Vecinos del lugar destacaron decisión de la Municipalidad de El Quisco de congelar los permisos de edificación en el sector Borde Costero de esa comuna, de Punta de Tralca e Isla Negra, pues señalan que así se protege el carácter de zona típica que tiene.
Viernes 6 de enero de 2012| por Roberto Valencia
Un importante triunfo logró la organización de vecinos del balneario de Isla Negra, en el Litoral Central, para evitar la pronta materialización del proyecto inmobiliario “Los Bosques”, de la empresa Santa Beatriz, luego de que la Municipalidad de El Quisco decidiera postergar la construcción de más de 300 departamentos en terrenos cercanos a la casa Museo de Pablo Neruda.
La medida ordena congelar por 3 meses todo proyecto consignado en el "Polígono de Zona de Postergación de permisos de Subdivisión, Loteo o Urbanización Predial y de Construcciones" en el sector Borde Costero de Punta de Tralca, Isla Negra y El Quisco.
VECINOS
La Agrupación vecinal Junta 2 de la comuna y la agrupación Salvemos Isla Negra destacaron la decisión, pues señalan que impide la vulneración de zona típica del lugar.
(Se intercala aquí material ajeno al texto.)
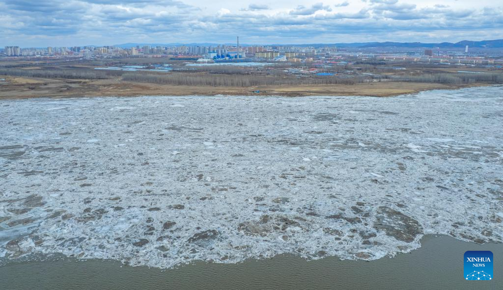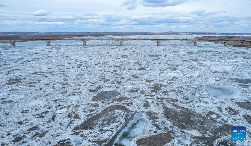 This photo taken on Apirl 13, 2026 shows a view of drift ice floating on the Jiayin section of Heilongjiang River in northeast China’s Heilongjiang Province. Large amount of ice drifted on the surface of Heilongjiang River and Songhua River recently due to the rise of temperature. (Photo by Li Shaojun/Xinhua)

El congelamiento del permiso de construcción es prorrogable, por lo que las organizaciones civiles esperan que en el entretiempo, surjan solucionas estructurales al problema.
El decreto municipal también abarca a proyectos de subdivisión de terreno y de construcción, siendo publicado el 3 de enero pasado en el Diario Oficial.
Mónica Mosella, presidente de la Agrupación vecinal Junta 2 de Isla Negra, destacó la decisión municipal, porque el proyecto inmobiliario presentaba riesgos, si es que se intervenían los terrenos en una quebrada, “cuyo cauce sería alterado generando un evidente riesgo de inundaciones y derrumbes, además de la tala de bosques centenarios y grave modificación del entorno a la zona típica”.
NUEVO PLAN
La apuesta de los vecinos es que la Municipalidad de El Quisco, al que pertenece Isla Negra, acelere el plano regulador en estudio para cambiar el que actualmente funciona. “El nuevo plano tiene características distintas al plano actual y es respetuoso con las zonas típicas, porque no permite edificaciones de altura superiores a 2 pisos”, explica Mosella.
“Esperamos que la municipalidad mueva el nuevo plan regulador y, por otro lado, esperamos que en el Congreso avance el tema de los tribunales ambientales y de la Superintendencia del Medioambiente”, precisó.